During our time there we got to go piranha fishing, ugly little suckers and not much meat on them. The lodge will cook them up for you. I went swimming with pink dolphins, probably one of the coolest things ever and we went hunting for anaconda and found a huge black one. For the anaconda hunt the lodge has some rubber boots that you have to wear as it is pretty wet in the pamapas. Some of the tour company guides bring the anacondas out with them in bags (without the tourists knowing) and release them, yell that they found one and then let the tourists hold them. This is so wrong, the anaconda population is endangered so touching them is very bad, it can damage their skin as everyone has insect repellent and sunscreen on. I knew our guide didn't do this because he was nowhere near were the snake was spotted, 1 of the tourists saw it first. I only got a quick glimpse of it cause my boots were too big and they got sucked into the mud, I was having problems walking without my feet coming out so running was a little difficult, by the time I got there I just saw the tail end of it as  it slithered into a hole. All in all a most excellent adventure, the amount of wildlife was amazing,  the scenery incredible. The crew at the lodge and our guide where great, I loved the monkeys they were everywhere and constantly chatting.

It was raining pretty bad when we left the lodge to head back, it was warm rain so not really horribly bad.
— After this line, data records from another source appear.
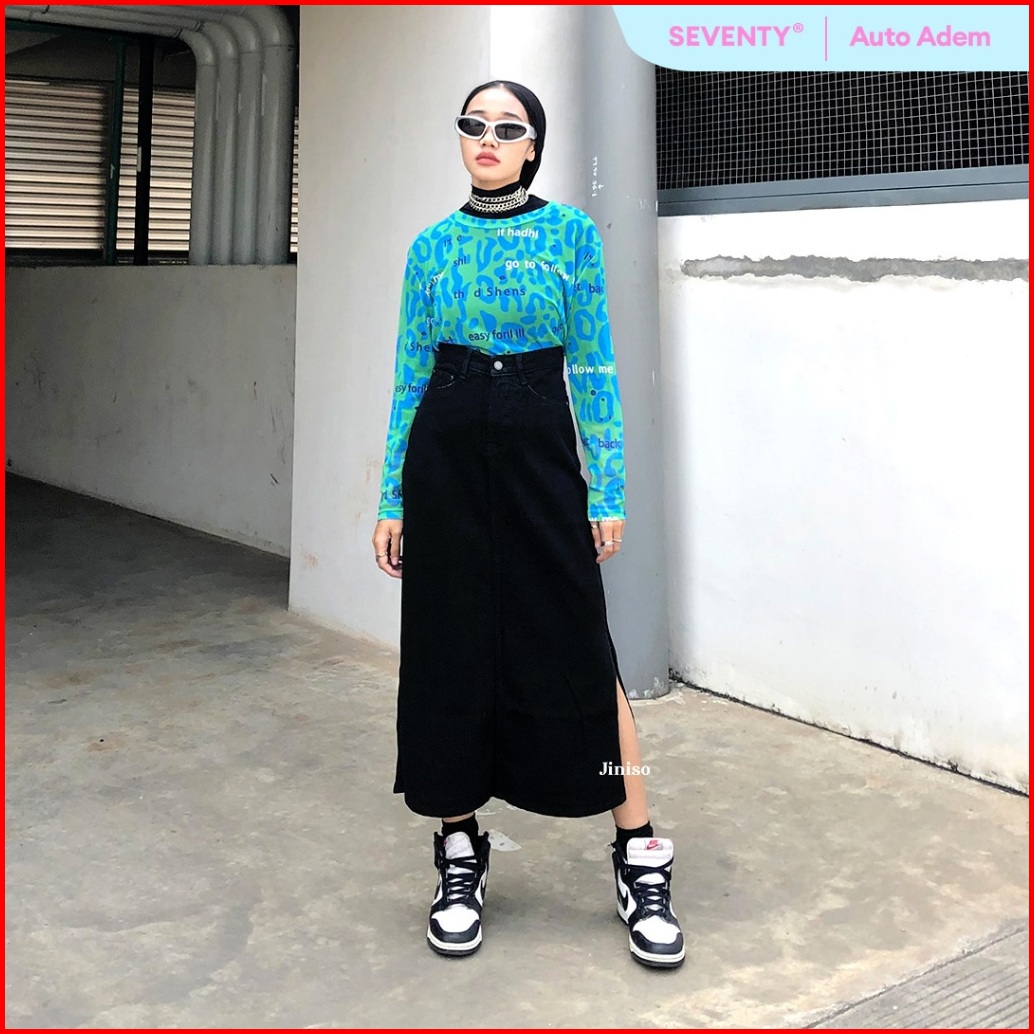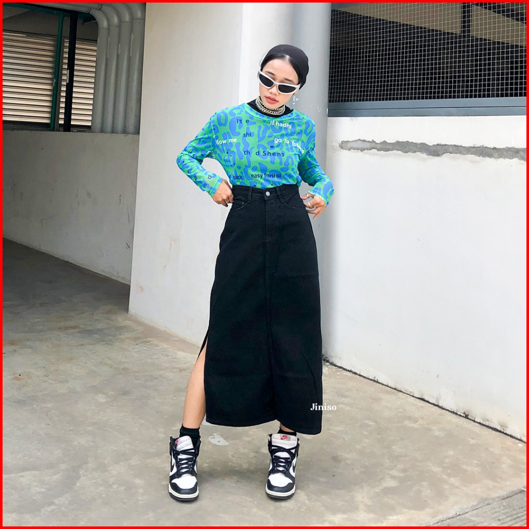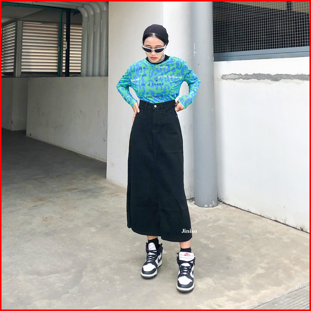 Jiniso - Highwaist Rok Slit Jeans Panjang 994 Seventy
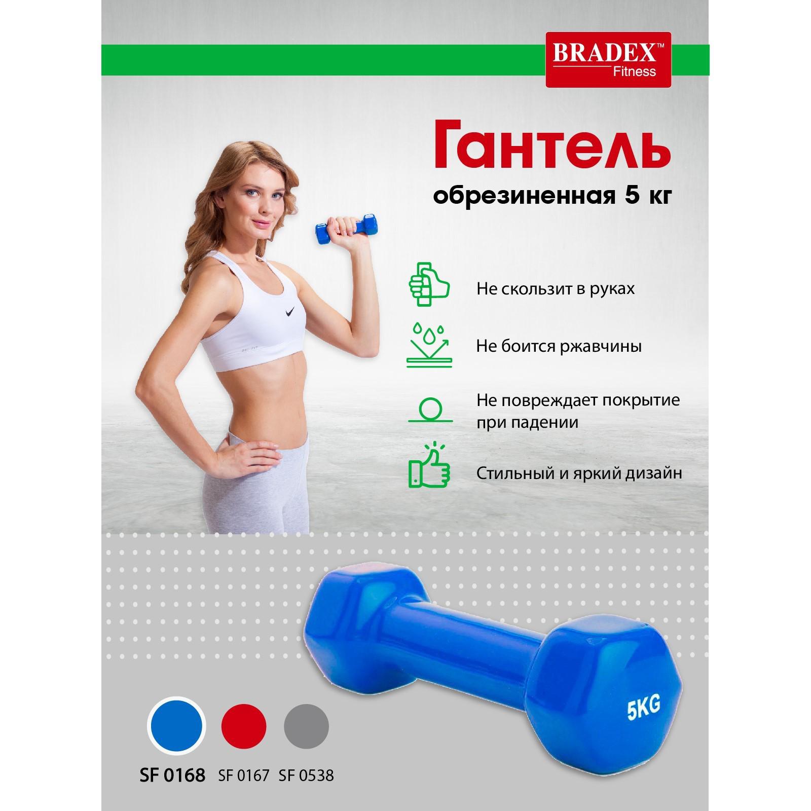Гантель обрезиненная Bradex SF 0168, синяя, 5 кг
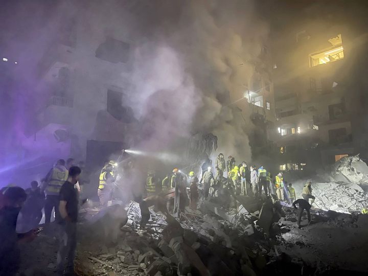 عمال إنقاذ وسكان يبحثون عن ضحايا في موقع غارة إسرائيلية في بيروت (ا.ب)
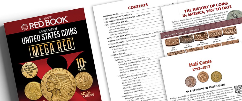 Mega Red X delivers the most comprehensive and fully updated U.S. coin catalog available today. This supersized companion to the Official Red Book® features more coins, more varieties, deeper pricing, and fresh research—including a landmark special feature covering more than 130 years of $5 Half Eagle gold coins (1795–1929).
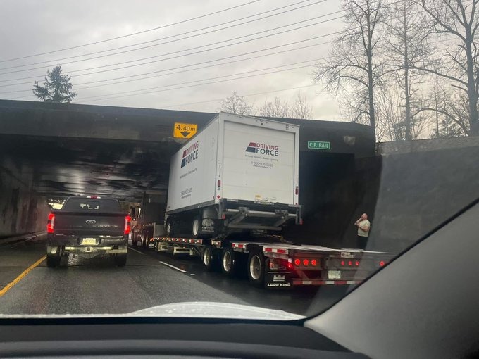 (X)壹個名為"Metro Vancouver Overpass Impact Counter'賬號在社交平台上表示,16個小時前,大溫發生壹輛超高車撞上立交橋的最新事件。
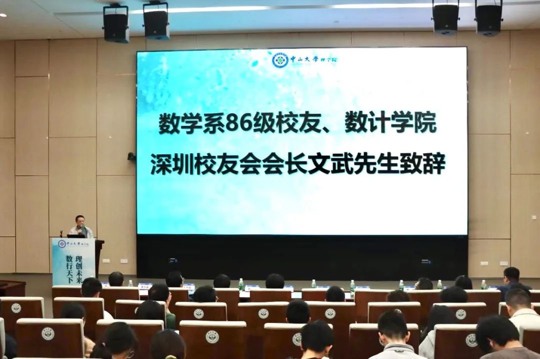 数学系 86 级校友、数计学院深圳校友会会长文武先生致辞。他以deepseek创始人为例,强调培养数理学科素养的重要性,鼓励同学们夯实专业基础,积极投身科技创新,期待数理文化节取得圆满成功。
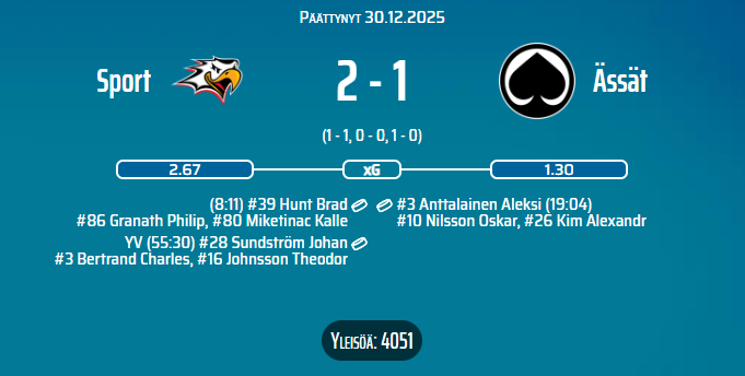 Nyt sitä teki jo pajatsonsa tyhjentänyt Sport, joten jotain pitäisi keksiä siihen ennen pleijareita, joissa tuota nähdään vielä paljon lisää.
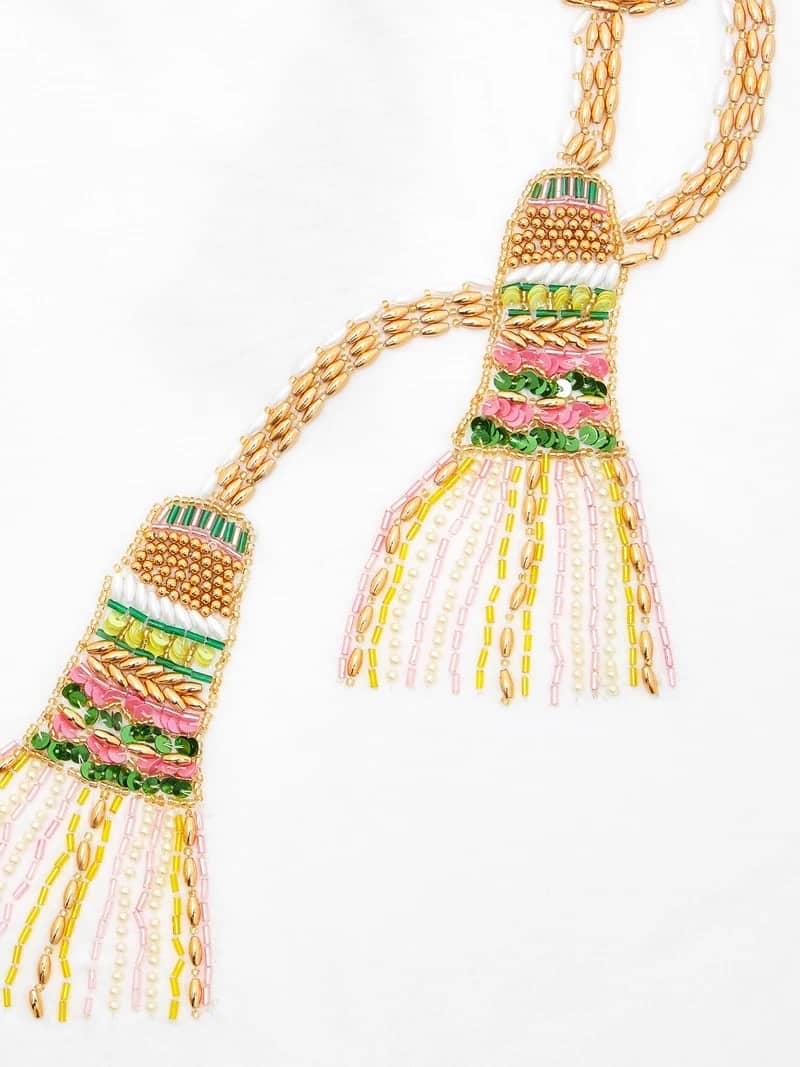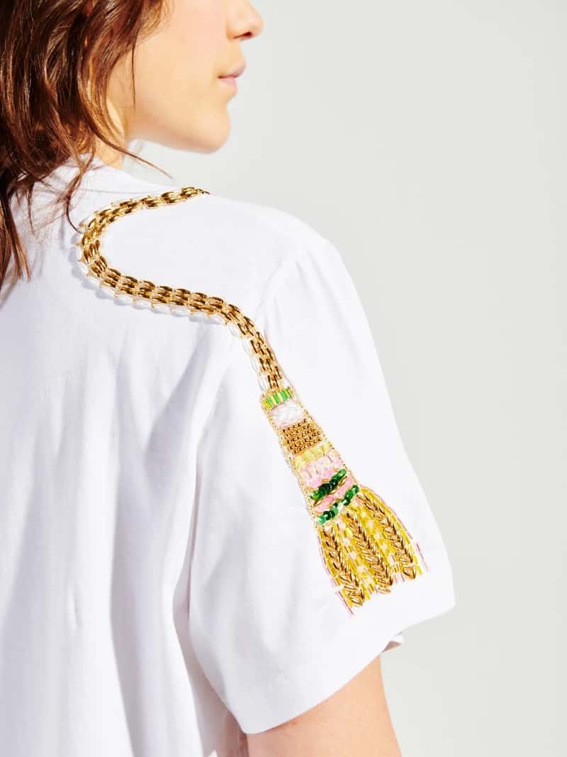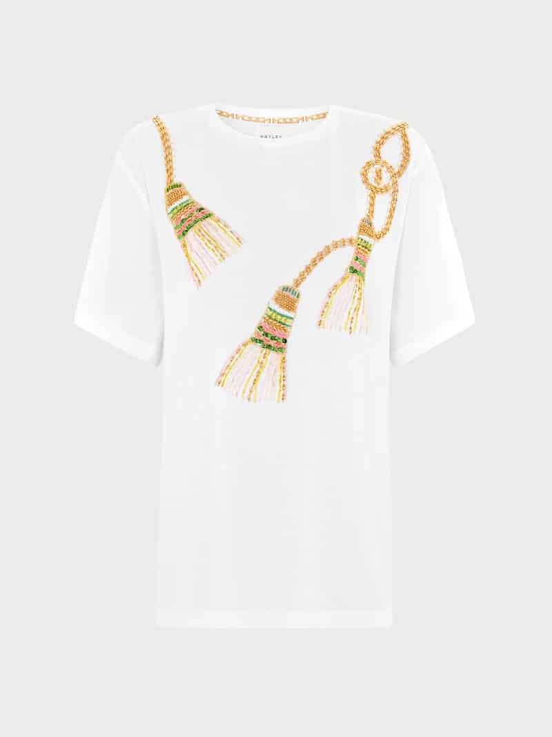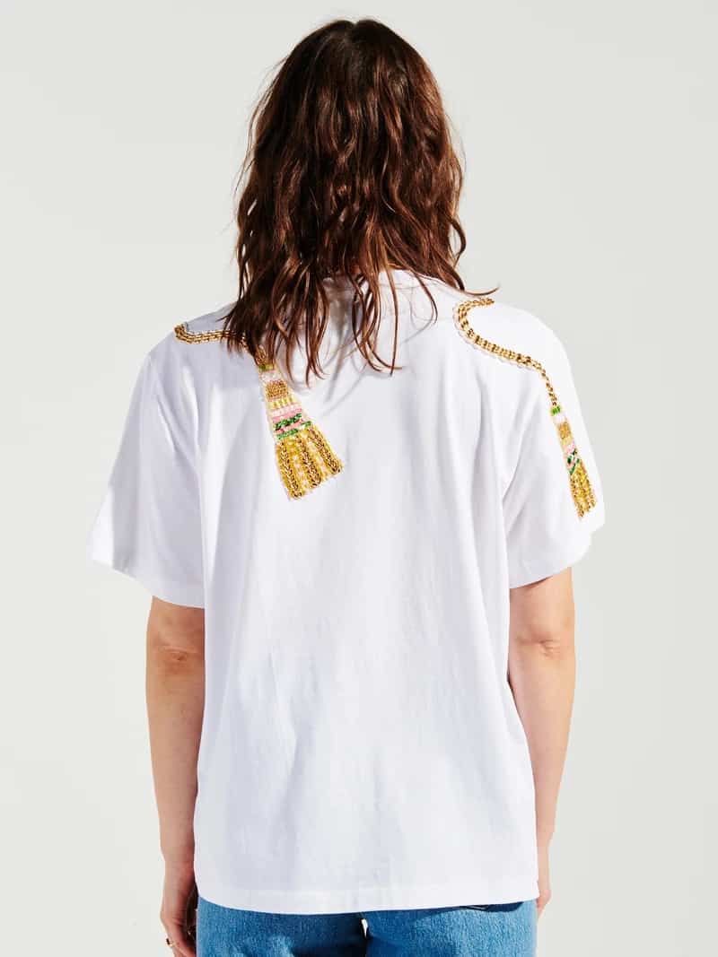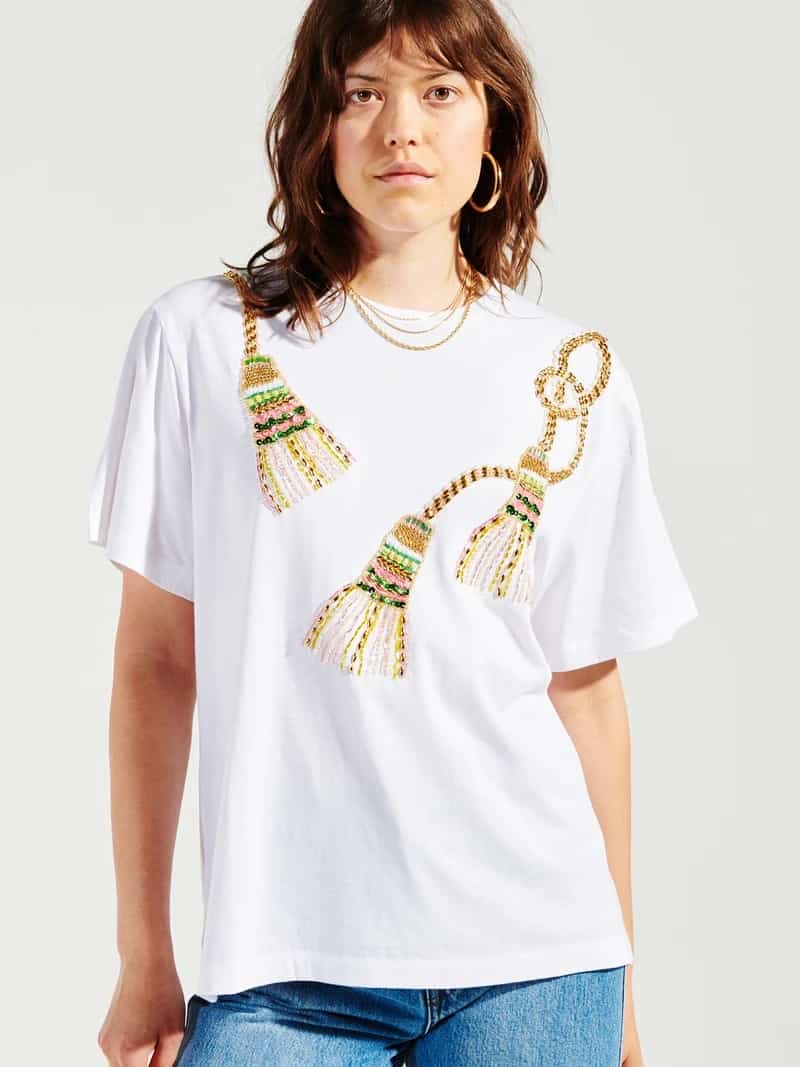 The Hayley Menzies Tassels beaded t-shirt in white is a stunning change to the usual white t-shirt with the hand embroidery taking over 10 hours to complete. This crew neck t-shirt was inspired by a vintage jacket Hayley picked up at a market in LA. Elevate your casual style by teaming it with your favourite jeans or printed skirt.
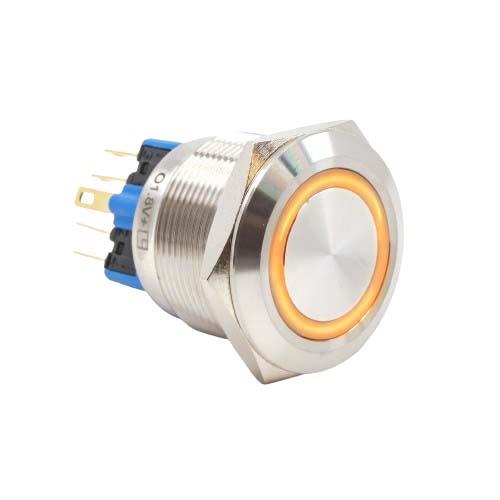 E-Switch PV8F2Y0SS-3K1 Anti-Vandal Anti-vandal, DPST-NO/NC, Off-(On), On-(Off), Panel Mount, Front, Silver, LED, Green/Orange, IP65 | EMIN.CO.ID

When we got to were the jeep was to pick us up it was a torrential downpour. The ride back took longer because the road was now just a huge mud pit. There were 5 of us booked on the 6pm flight out that night and it was looking like we were not going to make it. The driver told us it was raining in Rurrenabaque and that as of that morning all flights were canceled but it could change at anytime. We got back to town 15 minutes before the flight and ran to the airline office, the driver was right all flights out were canceled (dirt runway). There was a huge lineup of people trying to re-schedule, I got a flight time of 3 days later, that was the soonest I could get. Very  important if you go to Rurrenabaque make sure you factor in a couple of extra days incase you get trapped. Some of the other folks had flights they had to catch or tours they had booked for the next day so some of them got together and hired a van to La Paz. The bus is 20 hours so it wouldn't have worked for them. I had a few days before I had to worry so I decided to wait it out, worse case I could get a bus out if the rain didn't stop. I went back and got a room at the same hostel again and just kept checking at the airline office every day to see if I could weasel onto an earlier flight out. Because I only had my small pack I only brought 2 pairs of pants and a couple of shirts, all of them a little more than dirty. There is a laundry mat in town but because I wasn't sure when I was leaving I was reluctant to give them my cloths. Luckily everyone on the flight out I was on was in the same boat, felt sorry for the pilot, we were a very stinky bunch of people. The cab driver in La Paz was probably not very impressed either. When we got back to La Paz I shared a cab from the airport with a couple of German guys so yeah less money for me. I got them to drop me off at the Rover, reclaimed my big pack and had a very long shower before putting on clean cloths.


I highly recommend that if you are in Bolivia you take a trip to Rurenabaque. You can probably get the tour cheaper if you book it once you are in town and shop around but really the tour part of it was only about $65B and it was with a company that cares about the sustainability of the places they go.  Be wary of taking the cheapest one as they may not have the same standards.